Major Spoilers Ahead

“Swarm” makes it very evident from the get-go that Ni’Jah is loosely inspired by Beyoncé. The name of the show, which is the name of Ni’Jah’s fans, is a direct reference to Beyoncé’s fandom, which goes by BeyHive, because Beyoncé is nicknamed the Queen Bey. The fandom uses the bee emoji to refer to itself, and the show is littered with bee imagery and bee sounds. But that’s just the tip of the iceberg, which is made of elements from the show that have been derived from real life. So, let’s start with the two biggest ones: Dre biting Ni’Jah and Dre rushing onto the stage where Ni’Jah is performing. The bite happened all the way back in December 2017 when Beyoncé was attending Jay-Z’s party for his album, “4:44.” As per Tiffany Haddish, an actress went up to Beyoncé and actually dug her teeth into the pop star. Infuriated by the whole affair, Beyoncé allegedly called Jay-Z’s attention to it, while Haddish told Beyoncé that she was ready to beat that actress up. However, Beyoncé stopped Haddish from harming this actress because she was on drugs. The actress who was rumored to have done “the deed” was Sanaa Lathan. Lathan obviously denied the allegations, but Haddish pretty much confirmed that it was her.

Over the course of Beyoncé’s long career, she has been in a lot of weird encounters on the stage. Recently, in 2020, in Brazil, a fan pulled her off the stage. This one time, her hair got entangled in the blades of a literal fan. She was sexually harassed in Denmark, and while she usually forgives her fans’ overexcited behavior, that was where she drew the line and threw him out of the stadium. But the one fan-related incident that “Swarm” was referring to was, the one from 2018, where a 26-year-old man named Anthony Charles Thomas Maxwell rushed toward Beyoncé and Jay-Z during their concert in Atlanta. He apparently made contact with the couple and was subsequently charged with battery after being treated for some minor injuries. So, the moment Dre walked onto the stage to meet Ni’Jah, it was inspired by Maxwell’s actions, except it went down much more amicably. That said, the footage of the same that was shown in the sixth episode of Detective Loretta Greene was that of Maxwell going after Jay-Z and Beyoncé. I admit that it was a really weird choice to use actual footage and then do a fictional version where things happen differently, but I guess the showrunners will answer that in the second season (if it happens).

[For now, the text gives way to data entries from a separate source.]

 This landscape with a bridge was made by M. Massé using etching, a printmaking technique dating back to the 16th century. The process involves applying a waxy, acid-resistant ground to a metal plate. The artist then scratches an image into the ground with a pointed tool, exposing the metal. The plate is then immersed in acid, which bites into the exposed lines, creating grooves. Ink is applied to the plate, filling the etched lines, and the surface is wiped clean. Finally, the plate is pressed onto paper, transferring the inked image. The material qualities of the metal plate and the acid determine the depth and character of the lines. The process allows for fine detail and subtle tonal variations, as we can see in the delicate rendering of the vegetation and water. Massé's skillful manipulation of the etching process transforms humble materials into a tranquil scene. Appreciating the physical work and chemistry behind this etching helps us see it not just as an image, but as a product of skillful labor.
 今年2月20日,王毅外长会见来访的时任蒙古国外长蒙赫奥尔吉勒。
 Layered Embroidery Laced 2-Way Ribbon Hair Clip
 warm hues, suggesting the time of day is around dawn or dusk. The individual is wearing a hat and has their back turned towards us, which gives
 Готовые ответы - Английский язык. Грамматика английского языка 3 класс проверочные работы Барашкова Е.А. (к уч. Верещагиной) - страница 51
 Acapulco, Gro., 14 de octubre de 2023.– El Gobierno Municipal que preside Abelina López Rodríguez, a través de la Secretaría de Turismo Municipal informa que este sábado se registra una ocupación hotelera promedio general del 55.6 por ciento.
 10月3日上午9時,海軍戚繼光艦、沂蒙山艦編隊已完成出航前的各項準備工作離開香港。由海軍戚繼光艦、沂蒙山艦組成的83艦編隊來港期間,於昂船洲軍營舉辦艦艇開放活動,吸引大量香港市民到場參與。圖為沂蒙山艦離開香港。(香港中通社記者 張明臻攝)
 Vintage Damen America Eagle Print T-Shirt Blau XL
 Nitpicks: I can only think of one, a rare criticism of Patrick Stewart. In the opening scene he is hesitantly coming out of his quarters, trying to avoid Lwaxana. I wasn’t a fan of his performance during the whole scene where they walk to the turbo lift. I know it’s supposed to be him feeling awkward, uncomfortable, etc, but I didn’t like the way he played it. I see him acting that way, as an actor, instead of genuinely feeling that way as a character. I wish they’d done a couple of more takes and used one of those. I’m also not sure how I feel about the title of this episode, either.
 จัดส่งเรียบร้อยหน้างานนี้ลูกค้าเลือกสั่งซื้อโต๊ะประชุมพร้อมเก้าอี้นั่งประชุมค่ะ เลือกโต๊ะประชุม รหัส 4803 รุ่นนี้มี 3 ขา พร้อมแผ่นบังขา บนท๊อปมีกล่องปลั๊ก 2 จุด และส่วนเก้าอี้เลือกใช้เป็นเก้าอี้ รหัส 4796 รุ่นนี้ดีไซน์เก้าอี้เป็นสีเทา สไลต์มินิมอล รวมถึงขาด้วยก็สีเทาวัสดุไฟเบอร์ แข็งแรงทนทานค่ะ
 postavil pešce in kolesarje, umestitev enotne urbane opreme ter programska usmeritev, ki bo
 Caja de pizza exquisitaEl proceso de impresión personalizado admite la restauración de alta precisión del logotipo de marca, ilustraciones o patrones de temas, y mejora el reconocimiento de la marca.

As for the parallels between the BeyHive and the Swarm, a lot of it is new information for me because I have seen millions of anonymous Beyoncé fans come to her defense if somebody badmouths her on Twitter or Instagram. But that has become a common thing amongst fans of every kind of celebrity. So, I wasn’t sure how much of the portrayal of Beyoncé’s fandom was accurate and how much of it was over-exaggerated in “Swarm,” and my surface-level research showed that a lot of it was pretty accurate. For example, Dre participated in doxxing a Twitter user who kept badmouthing Ni’Jah, and she was about to put up his information on the internet so that he could be physically harassed and intimidated by the pop star’s fans. The same thing apparently happened with Maxwell, as the BeyHive found his address soon after his identity was revealed. The severe trolling that was shown in “Swarm” is quite similar to what the BeyHive does to anyone who dares to even look at Beyoncé in the wrong way. They’ve gone after Nicole Curran, Taylor Swift, Omari Hardwick, Tamera Mowry, Rachel Roy, Piers Morgan, Azealia Banks, Kid Rock, Wendy Williams, Raven-Symoné, Karrueche Tran, Rihanna, Monica Lewinsky, Diane Warren, and Madame Tussauds (I’m not even kidding). “Swarm” also features a lot of self-harm, and that might be a reminder of the fact that members of BeyHive were cutting themselves, with the hashtag #CutForBeyonce, after Beyoncé accidentally cut her ear with her earring during her performance. At the cost of sounding repetitive, no, I am not kidding.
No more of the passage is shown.